◆ Work item
Give back an exact repetition of the material below, from its first line through the line that contains "If the server", both included, minus the pictures.

◆ Data supplied
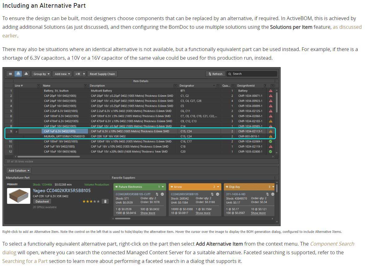 "To select a functionally equivalent alternative part, right-click on the part then select
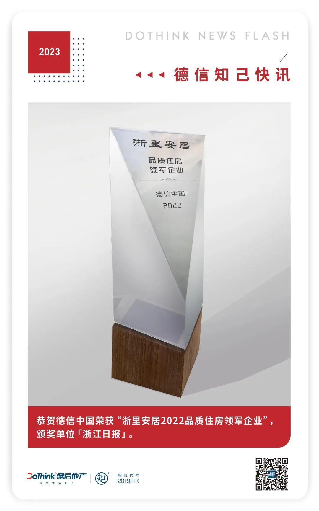 喜报!德信中国荣获“浙里安居2022品质住房领军企业”
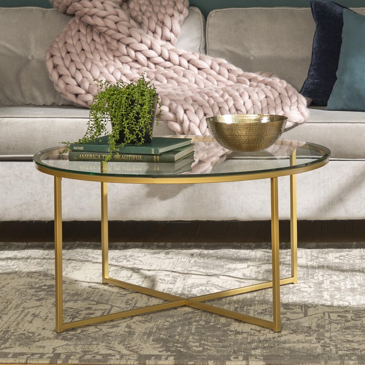 I love this gold coffee table with glass top for its sleek, contemporary look that easily elevates a variety of interiors. It works particularly well in modern or minimalist spaces, adding a touch of glamour without overpowering the room. The glass top keeps it feeling light and open, perfect for smaller living areas. For styling, consider pairing it with neutral sofas to let the gold frame stand out, or add colourful accessories like vases or books to create visual interest. Practical tips include keeping the surface clutter-free to highlight its elegant design and using it as a focal point around which to build your overall room aesthetic.
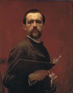 In 1879, on Ravier's recommendation, he was enrolled in the class of Michel Dumas, a former student of Ingres, who schooled him in the Classical tradition. With the support of Édouard Aynard, director of the museum commission, and Antonin Dubost, the Deputy from Isère, Guiguet went to Paris to complete his studies at the École des Beaux-arts, where he worked in the studios of Alexandre Cabanel.[1] While there, he also became a friend of Puvis de Chavannes and Félix Thiollier, who also had a great influence on his work, despite not being a painter. Guiguet made his debut at the Salon in 1885.[1]
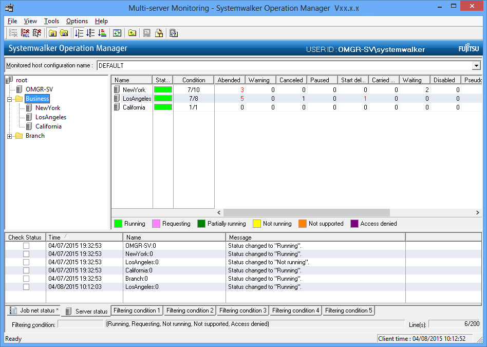 If the server group or the server to be monitored operates on multi-subsystem operation, the status of the subsystem will be displayed with color coding.
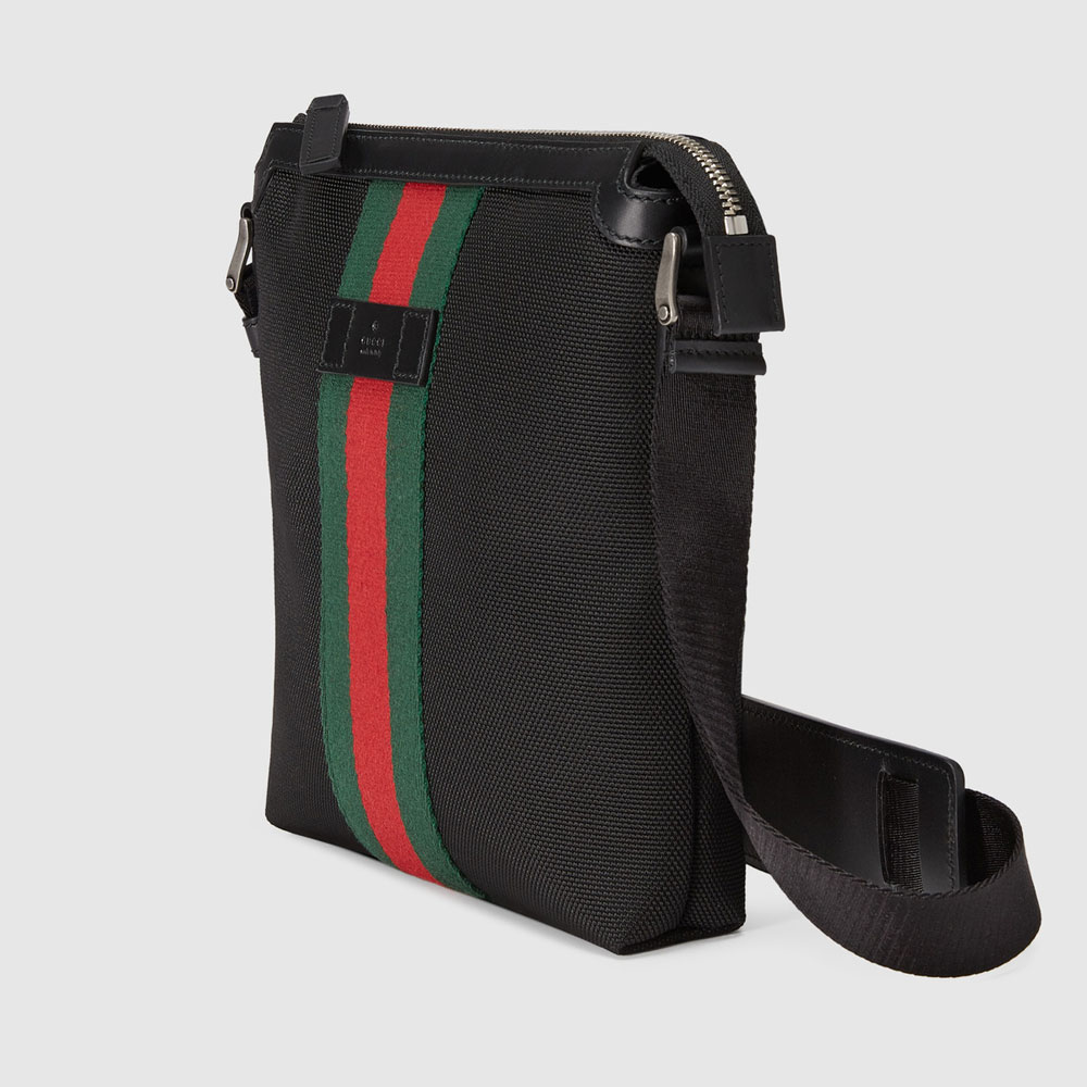 First developed by Gucci in the 1950s, the Web stripe continues to pay homage to the House's roots. The equestrian inspired detail is found on a small flat messenger bag in techno canvas.
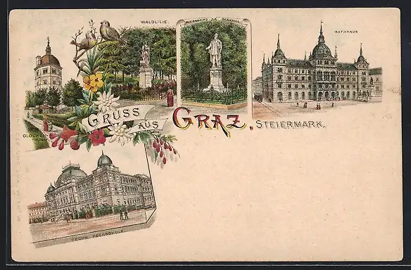 Lithographie Graz, Rathaus, Techn. Hochschule, Auersberg-Denkmal
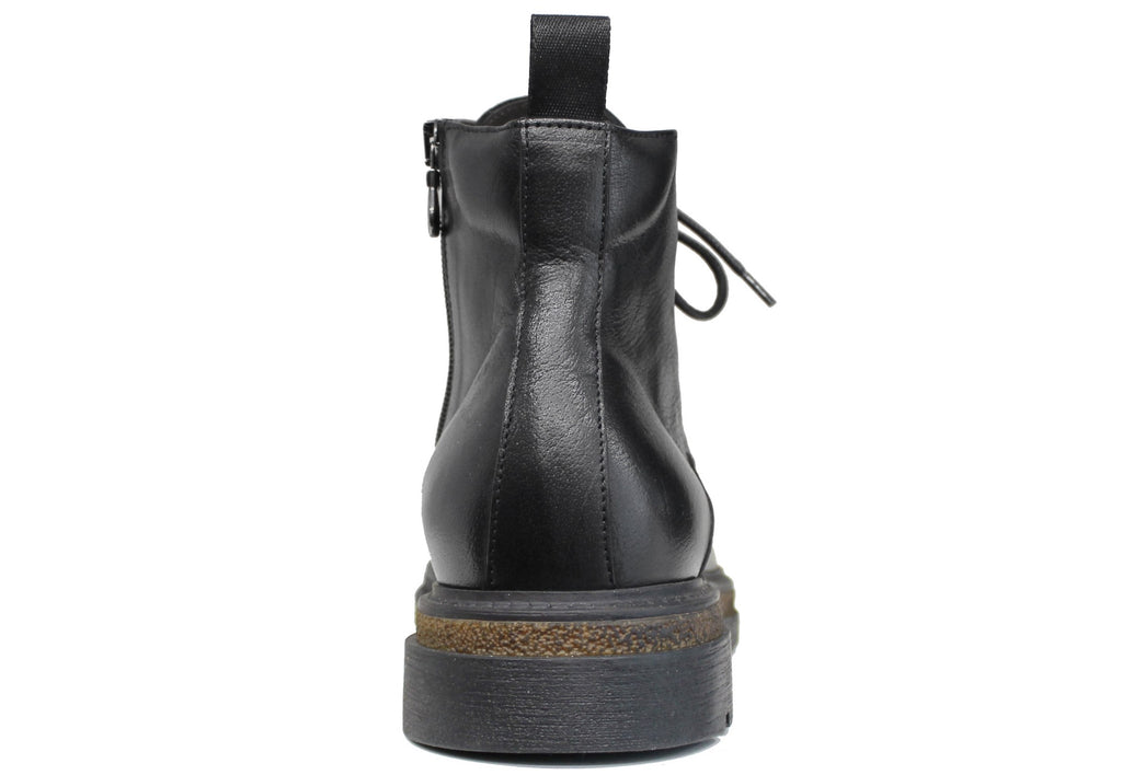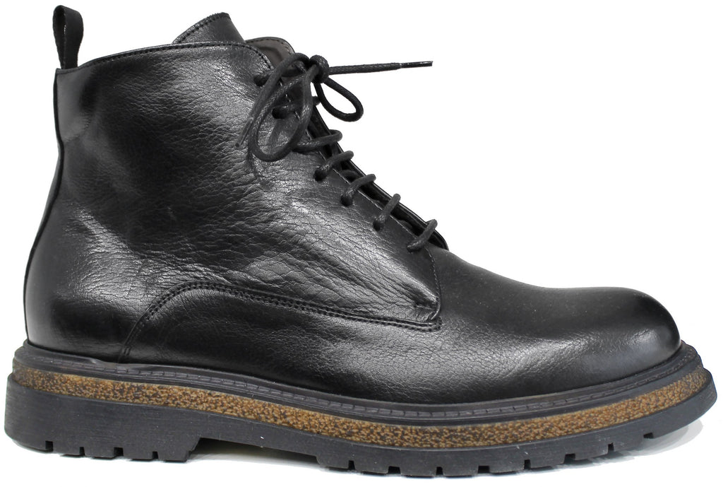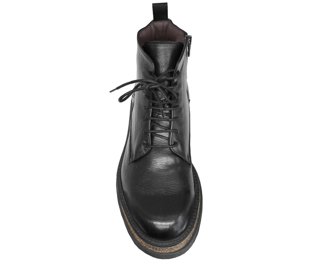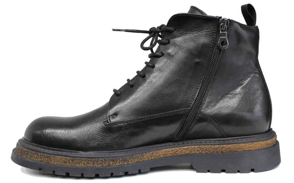 Stivaletto artigianale uomo, modello 1241, realizzato in vera pelle nera che, oltre a essere stringato, presenta una comoda cerniera laterale (nascosta nella parte interna) che ne facilità la calzata

◆ Answer box
 "To select a functionally equivalent alternative part, right-click on the part then select
 喜报!德信中国荣获“浙里安居2022品质住房领军企业”
 I love this gold coffee table with glass top for its sleek, contemporary look that easily elevates a variety of interiors. It works particularly well in modern or minimalist spaces, adding a touch of glamour without overpowering the room. The glass top keeps it feeling light and open, perfect for smaller living areas. For styling, consider pairing it with neutral sofas to let the gold frame stand out, or add colourful accessories like vases or books to create visual interest. Practical tips include keeping the surface clutter-free to highlight its elegant design and using it as a focal point around which to build your overall room aesthetic.
 In 1879, on Ravier's recommendation, he was enrolled in the class of Michel Dumas, a former student of Ingres, who schooled him in the Classical tradition. With the support of Édouard Aynard, director of the museum commission, and Antonin Dubost, the Deputy from Isère, Guiguet went to Paris to complete his studies at the École des Beaux-arts, where he worked in the studios of Alexandre Cabanel.[1] While there, he also became a friend of Puvis de Chavannes and Félix Thiollier, who also had a great influence on his work, despite not being a painter. Guiguet made his debut at the Salon in 1885.[1]
 If the server group or the server to be monitored operates on multi-subsystem operation, the status of the subsystem will be displayed with color coding.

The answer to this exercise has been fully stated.